::: EXTRACTED RECORDS :::
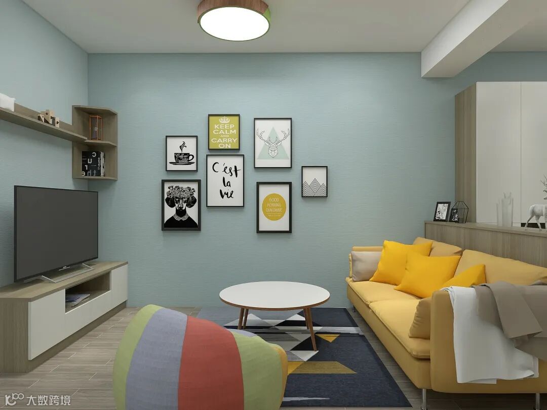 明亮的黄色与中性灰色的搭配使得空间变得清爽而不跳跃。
:::
::: EXTRACTED RECORDS :::
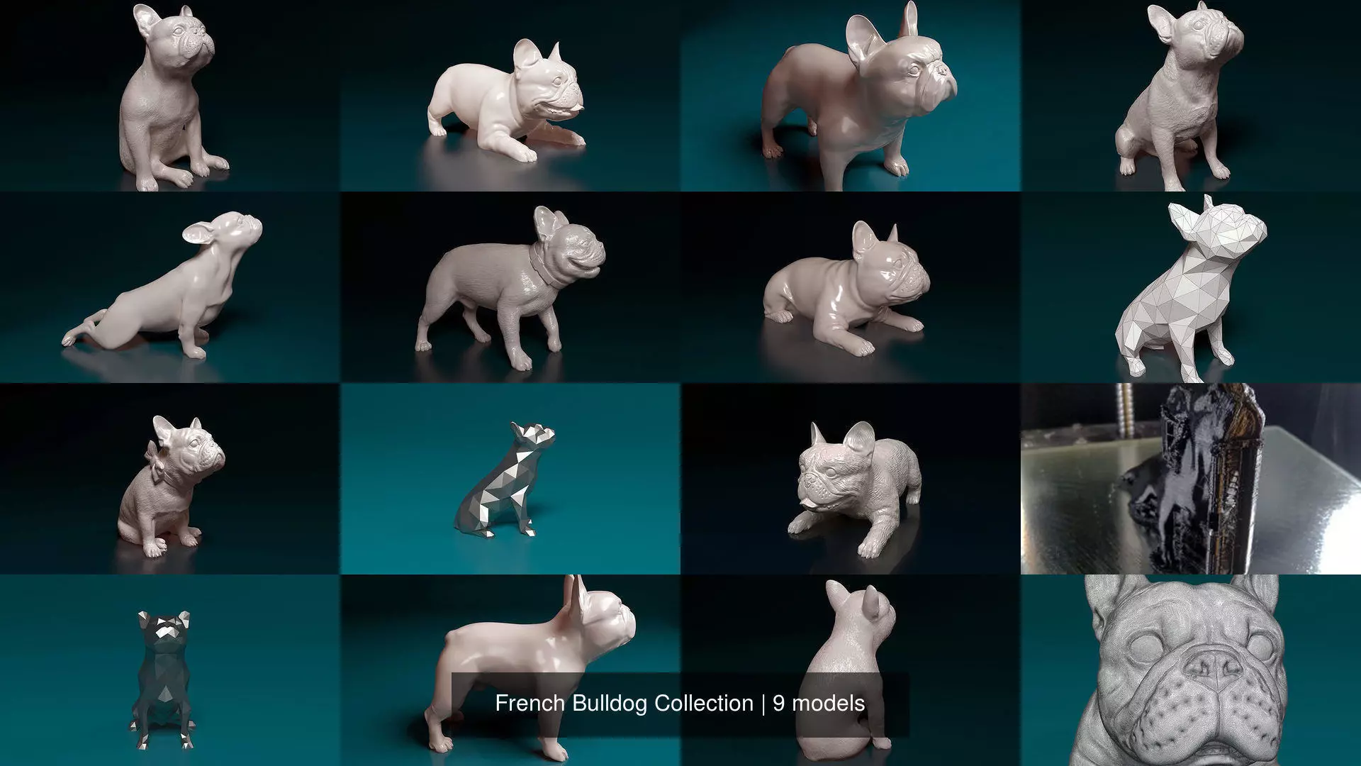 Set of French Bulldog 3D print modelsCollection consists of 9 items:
:::
::: EXTRACTED RECORDS :::
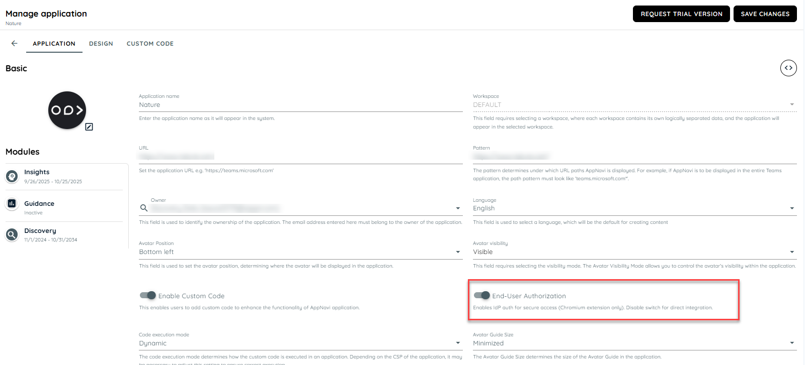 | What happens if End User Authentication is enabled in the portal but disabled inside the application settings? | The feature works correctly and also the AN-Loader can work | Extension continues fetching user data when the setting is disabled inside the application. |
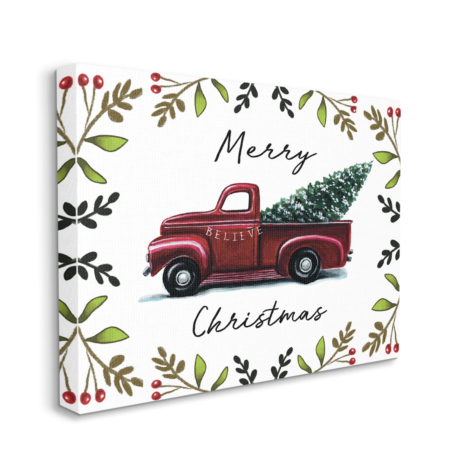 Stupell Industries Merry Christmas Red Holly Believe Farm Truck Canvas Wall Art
:::
> **WHAT YOU WILL DO**
The expected output is the lines above from the one containing "the application. |" to the one containing "Stupell Industries Merry", both ends included, reproduced exactly with every picture left out.

> **EXPECTED ANSWER**
 | What happens if End User Authentication is enabled in the portal but disabled inside the application settings? | The feature works correctly and also the AN-Loader can work | Extension continues fetching user data when the setting is disabled inside the application. |
 Stupell Industries Merry Christmas Red Holly Believe Farm Truck Canvas Wall Art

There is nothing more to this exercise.